RNN使用同一套纵向结构, 在时间维度上移动, 构成整体网络, 不同时间点共用同一套权重, 前面计算得到隐藏层值作为输入加入到后面时间点的计算中.

在每个时间步中, 一个神经元内的计算如下:

$$a_t = g_1(W_{aa}a_{t-1} + W_{ax}X + b) \leftarrow tanh \\
\hat{y_t} = g_2(W_{ya}a_t + b_y) \leftarrow bin/softmax $$

In [12]:
def rnn_cell_forward(xt, a_prev, parameters):
    """
    Implements a single forward step of the RNN-cell as described in Figure (2)

    Arguments:
    xt -- your input data at timestep "t", numpy array of shape (n_x, m).
    a_prev -- Hidden state at timestep "t-1", numpy array of shape (n_a, m)
    parameters -- python dictionary containing:
                        Wax -- Weight matrix multiplying the input, numpy array of shape (n_a, n_x)
                        Waa -- Weight matrix multiplying the hidden state, numpy array of shape (n_a, n_a)
                        Wya -- Weight matrix relating the hidden-state to the output, numpy array of shape (n_y, n_a)
                        ba --  Bias, numpy array of shape (n_a, 1)
                        by -- Bias relating the hidden-state to the output, numpy array of shape (n_y, 1)
    Returns:
    a_next -- next hidden state, of shape (n_a, m)
    yt_pred -- prediction at timestep "t", numpy array of shape (n_y, m)
    cache -- tuple of values needed for the backward pass, contains (a_next, a_prev, xt, parameters)
    """
    Wax = parameters['Wax']
    Waa = parameters['Waa']
    Wya = parameters['Wya']
    ba = parameters['ba']
    by = parameters['by']

    a_next = np.tanh(Wax.dot(xt) + Waa.dot(a_prev) + ba)
    yt_pred = softmax(Wya.dot(a_next) + by)
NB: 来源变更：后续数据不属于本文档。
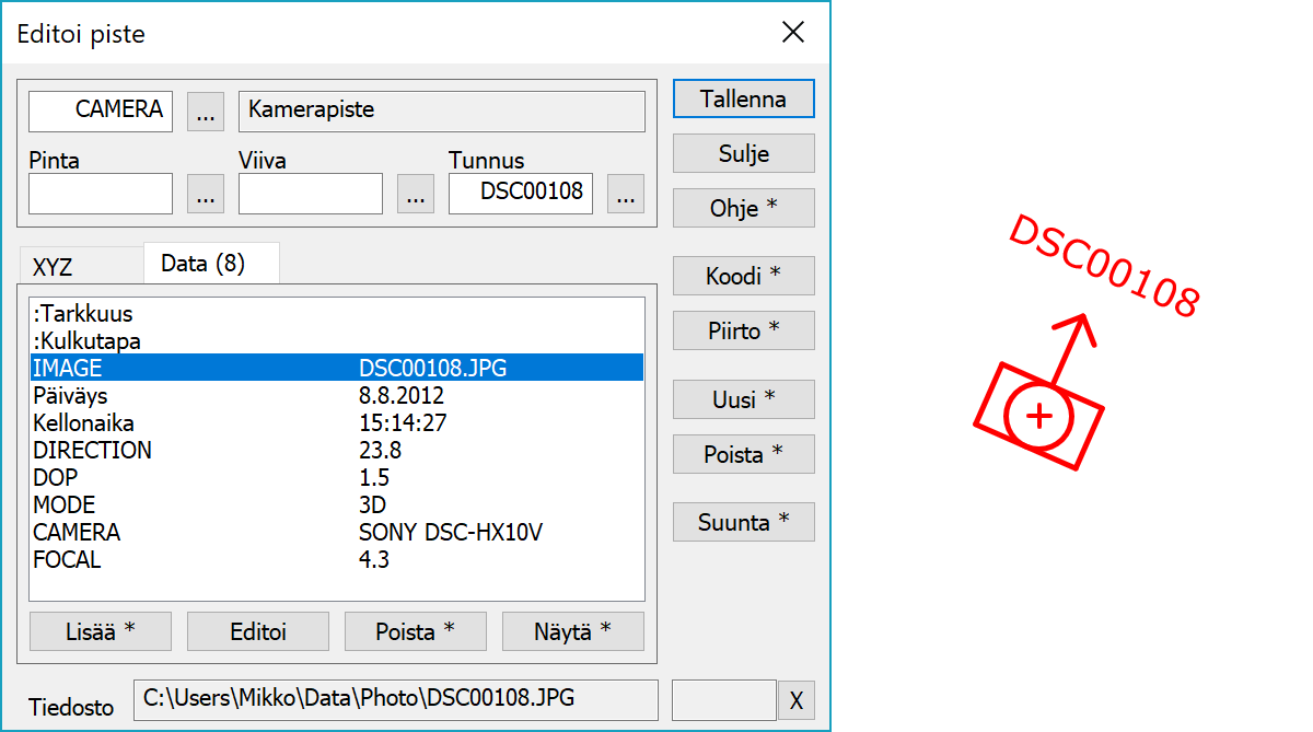 Liitetiedoston ominaisuuden nimi annetaan asetuksissa. Vastaavasti voidaan valita tallennetaanko pelkkä kuvan nimi vai koko hakupolku. Jos kuvasta löytyy kompassisuunta, se laitetaan symbolin suunnaksi. Oletuksena piste saa T3-lajikoodin CAMERA, mutta se voidaan halutessa vaihtaa muuntimen koodiasetuksissa. Pisteen T4 kentän arvoksi tulee suoraan luetun kuvan nimi ilman päätettä.

    cache = (a_next, a_prev, xt, parameters) # what I need

    return a_next, yt_pred, cache

### 前向传播

在前向传播中, 上一个时间步的隐藏层状态作为输入传入下一个时间步

In [13]:
import numpy as np

def rnn_forward(x, a0, parameters):
    """
    Implement the forward propagation of the recurrent neural network described in Figure (3).

    Arguments:
    x -- Input data for every time-step, of shape (n_x, m, T_x).
    a0 -- Initial hidden state, of shape (n_a, m)
    parameters -- python dictionary containing:
                        Waa -- Weight matrix multiplying the hidden state, numpy array of shape (n_a, n_a)
                        Wax -- Weight matrix multiplying the input, numpy array of shape (n_a, n_x)
                        Wya -- Weight matrix relating the hidden-state to the output, numpy array of shape (n_y, n_a)
                        ba --  Bias numpy array of shape (n_a, 1)
                        by -- Bias relating the hidden-state to the output, numpy array of shape (n_y, 1)

    Returns:
    a -- Hidden states for every time-step, numpy array of shape (n_a, m, T_x)
    y_pred -- Predictions for every time-step, numpy array of shape (n_y, m, T_x)
    caches -- tuple of values needed for the backward pass, contains (list of caches, x)
    """
    Wax = parameters['Wax']
    Waa = parameters['Waa']
    Wya = parameters['Wya']
    ba = parameters['ba']
    by = parameters['by']
    
    n_x, m, T_x = x.shape
    n_a = a0.shape[0]
    n_y = by.shape[0]
    at = a0
    y_pred = np.zeros((n_y, m, T_x))
    a = np.zeros((n_a, m, T_x))
    caches = []

    for t in range(T_x):
        a[:, :, t], y_pred[:, :, t], cache = rnn_cell_forward(x[:, :, t], at, parameters)
        at = a[:, :, t]
        caches.append(cache)
    caches = [caches, x]

    return a, y_pred, caches

#### Cost函数

对于分类问题的RNN, 依然可以使用交叉熵作为Loss的计算方法, 则cost的计算为
$$L=\frac{1}{T}\sum_{t=1}^{T}l(y_t, \hat{y}_t) \\
\quad = -\frac{1}{T}\sum_{t=1}^{T} \sum_i y_t^{(i)}log \hat{y}_t^{(i)}$$

#### 反向传播BPTT

RNN的反向传播使用的很经典的BPTT方法(Back Propagation Through Time).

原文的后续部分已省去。